J’ai changé d’avis sur les hormones

Dire que je ne vais jamais prendre d’hormones est exagéré.

J’ai juste peur d’être malade et j’ai été doublement refroidi par un médecin naze.

Du coup je ne veux pas prendre d’hormone avec lui comme hormonologue car il n’est pas fiable et ne saura pas prévenir les problèmes au mieux.

Mais si je tombe sur un médecin fiable, qui répond aux questions, me donne des infos au gout du jour, quantifie clairement les risques et propose des moyens de les minimiser, alors je veux bien tester un traitement.

Je veux bien tester car je sais que cette envie d’être femme n’est pas un fantasme, que j’ai un problème avec le genre sexué qu’on m’a filé, que ce problème est plus complexe que chez les autres trans mais qu’il est réel et tout aussi digne d’être pris en charge par des hormones.

Je pense aussi que rien ne peut faire partir la détresse psychique fluctuante que provoque ce problème   : ni un anxiolitique, ni un A.D., ni un neuroleptique, ni l’alcool, ni la nicotine, ni la caféine, ni le sexe compulsif, ni l’amour, ni la vie de couple, ni la thérapie…ni la pensée magique du smog (un ami schizophrène) et du harki (un copain parano et hypocondriaque) qui s’exprime via des régimes plus ou moins farfelus. J’ai moins de pensées suicidaires depuis que je mange mieux mais aucune perte d’envie d’être une femme.

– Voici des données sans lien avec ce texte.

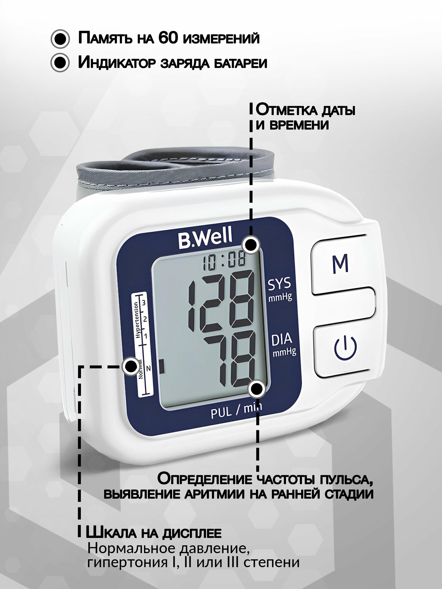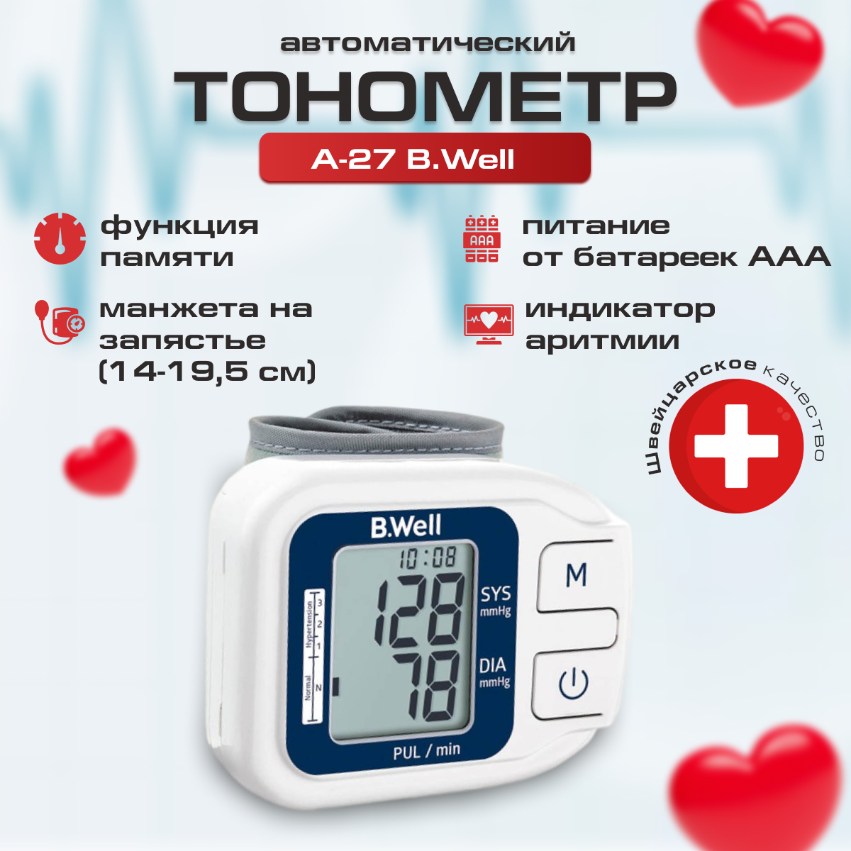 Тонометр B.Well А-27 запястный, память на 60 измерений, дата и время
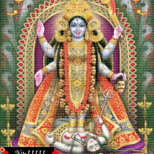 Ma Kali stands tall as the eternal guardian of truth and righteousness. Her expression, intense and all-seeing, reveals her role as judge and protector. Her feet rest on Lord Shiva, showcasing the moment she is reminded of her divine nature. Each hand bears a powerful symbol—cutting illusions, offering blessings, and holding victory over death. The floral patterns and vibrant hues evoke a sense of sacredness. Her skull garland is a testament to ego annihilation. With an aura of crimson and gold, she demands both reverence and surrender. This powerful vision instills devotion and awe.

La transition ou la mort semblent les seuls moyens pour supprimer le problème.

En attendant, j’ai adopté des techniques palliatives de diversion : achats compulsifs, internet, thérapie, meufs…, et j’ai supprimé au max tout stress additionnel  : je  ne travaille pas, je sors peu, je ne baise plus…

Ces 2 techniques permettent de tenir, de rester en stand by, stand by par indécision mais aussi beaucoup par peur des conséquences négatives que peut avoir une transition.

Voilà mon analyse après un régime sain pendant 5 mois, en gros 18kg en moins et à la clé une IMC normale et une glycémie à jeun normale.